The Books for Walls Project is inspired by many lives woven together by books and stories. We hope that the following stories and our little movie will give you a little insight.
(Her)story:
The Four of Us homeschool. While the world and technology spin wildly out in the big old world, it's rather slow and quiet around here. The Books for Walls Project is an effort to learn about the internet while talking about something we love: books. All the while supporting literacy and libraries.
Through this experience we hope to learn more about why many of us keep books and what we think about these precious treasures. We hope to use technology to help reconnect us --in old fashioned ways-- like sharing stories.
The project began, as many stories do, with a man and a woman who fell in love. In the beginning The Mom only had a few boxes of books and she shared them with The Dad who became a voracious* reader later in life (back then he liked to read, now he loves to read.) The Big Sister and Little Sister grew up in a house of books and learned to love them, almost from day one.

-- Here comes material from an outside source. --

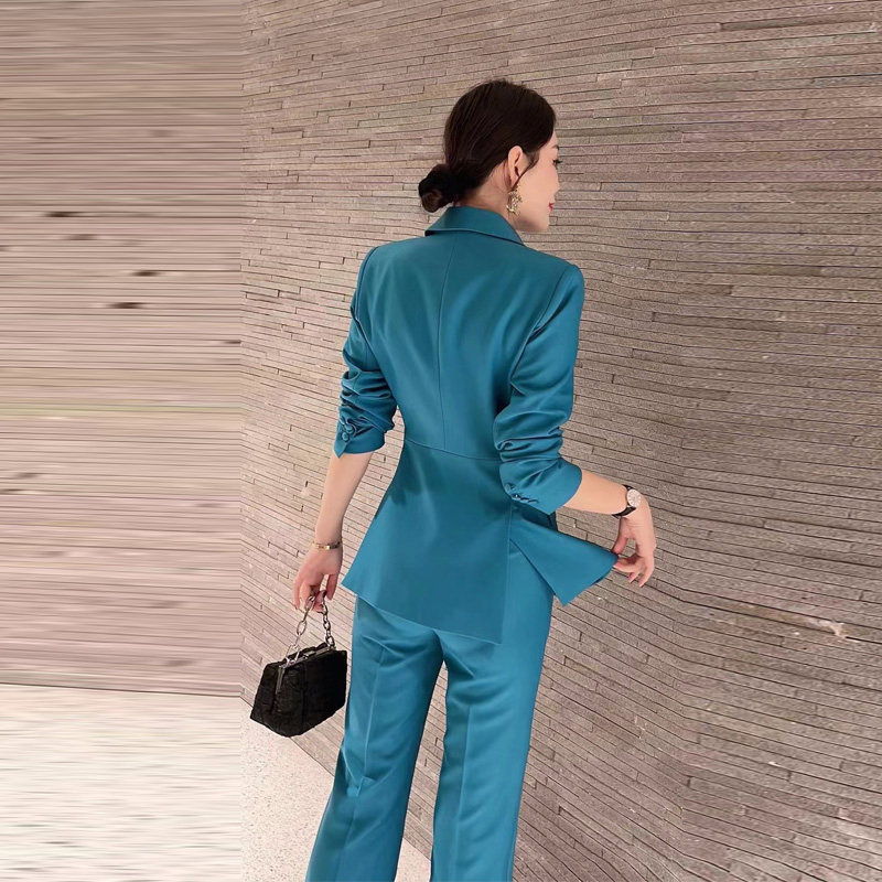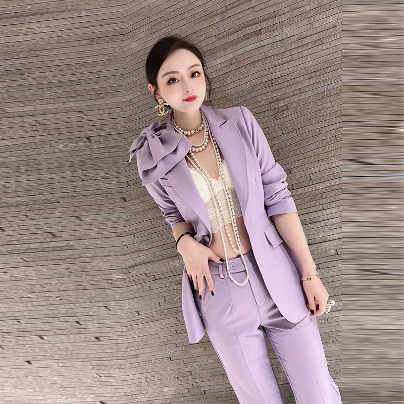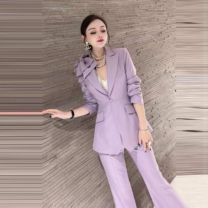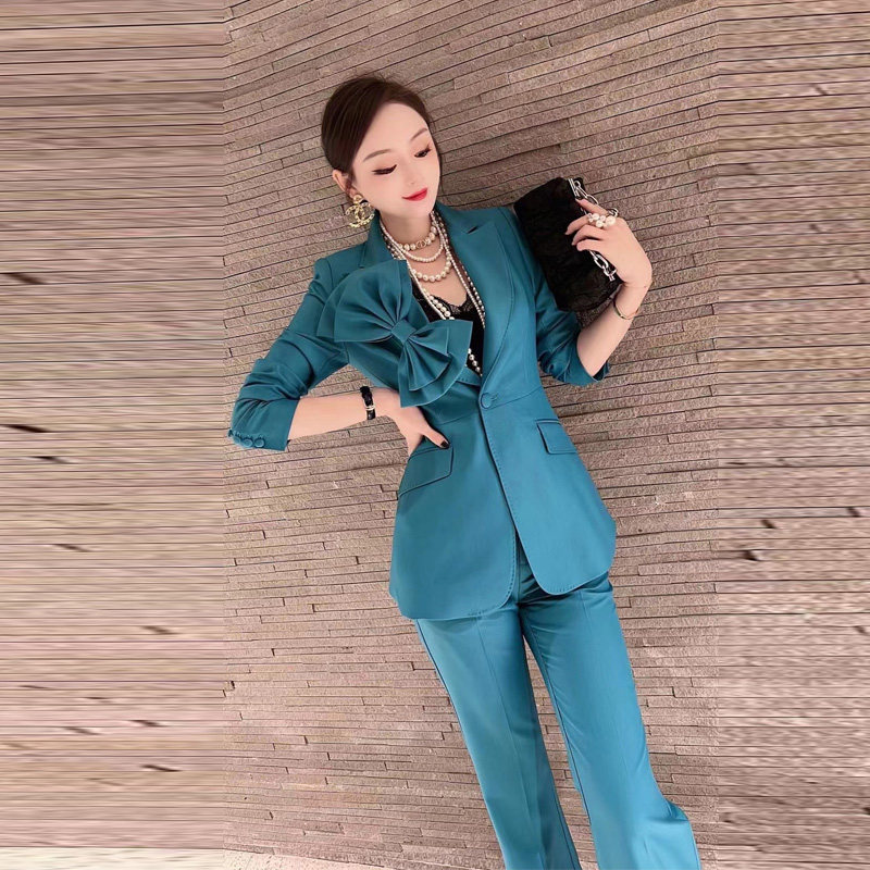 High-quality salt-style fried street suit female bow corsage suit jacket micro-flare pants two-piece fashion temperament

(Updated May 5, 2011) Many people ask us "why Books for Walls?" Books for Walls represents a grand idea of a life filled with books, so full they line the walls of a home. Within those walls of books people gather to talk. Even though wildly different the people gather and share ideas and poetry and books. The Mom wanted to share that kind of experience with The Sisters, some people call that experience a "Salon." During a particularly long winter we brainstormed about creating a blog or website where people could share their favorite books and stories. By springtime as the flowers began to bloom, so did our idea --and thankfully Books for Walls Project continues to grow and change. And while certainly there might be more obvious names for the Project --Books for Walls although a little mysterious, fits, it is a story waiting to be told. Want to hear more about it? Email us, we love sharing stories!
We all adore the idea of learning about people through the books they love and learning about books from the people who love them. You'll learn more about The Four of Us through the books we share with you here at The Books for Walls Project.
(*Note that many words throughout the blog will be linked to their definitions. For fun and to use one of the wonderful tools on the Internet, but we still love our big, heavy Oxford Dictionary the best.)
(His)story:
While I (The Mom) only met Max Brill once or twice, I feel as if I know him. I could certainly tell you his story myself. Instead, I will leave that to my father's words, who can tell you "the Max Story" first hand. My father is the man who originally thought to call Max "Books for Walls." That title and the poem which it inspired, well, they are good. And good things are meant to be shared. Here is the story written by my Dad, The Poet:
I met Max Brill at a wedding reception for the son of a man with whom our wives worked. Often at such tables occupied by a mix of strangers, multiple conversations would develop. But Max had a way of helping us all listen to each other, and soon there was one conversation, and each person who spoke was heard. It was a rare experience of a lot more listening going on than speaking. The next day Kathy and I accepted Max’s invitation to join him and Mary at a nearby Flea Market. And I remember that Max seemed to enjoy listening to me. He was old enough to be my dad, but he seemed to think that I was worth listening to. There was something healing in that. I found his company very good for me.Max invited Kathy and me to join him and Mary at their home for “gnosh” the following weekend, where we met a third couple and enjoyed lochs and bagels with mimosas, and again shared a conversation of reverent attentiveness to each other. At one point, I noticed Max seeming to lose focus on us, to look around the room. He was sitting in a rocker of bent willow wood covered with a lamb’s wool hide, next to a rustic fireplace. He silently rose, walked to one of the bookshelves lining all of the walls, pulled out a handful of books with his right hand, then with his left hand removed one book from a row hidden behind them. The bookcases were two books thick! He placed the first books back, then returned to his chair and resumed looking at each of us as we spoke, while he leafed casually through the book.My curiosity with his alternating attention was soon satisfied when in a break of conversation, he proclaimed, “I have a poem!” He read Kipling’s “The Betrothed”, a humorous and insightful reflection on the joy and cost of love, the balance of freedom and sacrifice. The room erupted with laughter at the penultimate line in the poem in which Kipling makes the decision whether to marry Maggie despite her prohibition of his smoking his cigars: “A woman is only a woman, but a good cigar is a smoke.” Amid our laughter, Max closed the book, silently rose, walked to that bookshelf, pulled out the handful of books with his right hand, then with his left hand replaced the book of Kipling poems from its place behind them. He turned and smiled with twinkling eyes at his Mary, who he had married late in life, and I wondered whether somewhere in the house was an old box of cheroots.
We borrowed The Poet's nickname for Max, it seems to fit the project quite nicely --can you imagine living in a home with books for walls?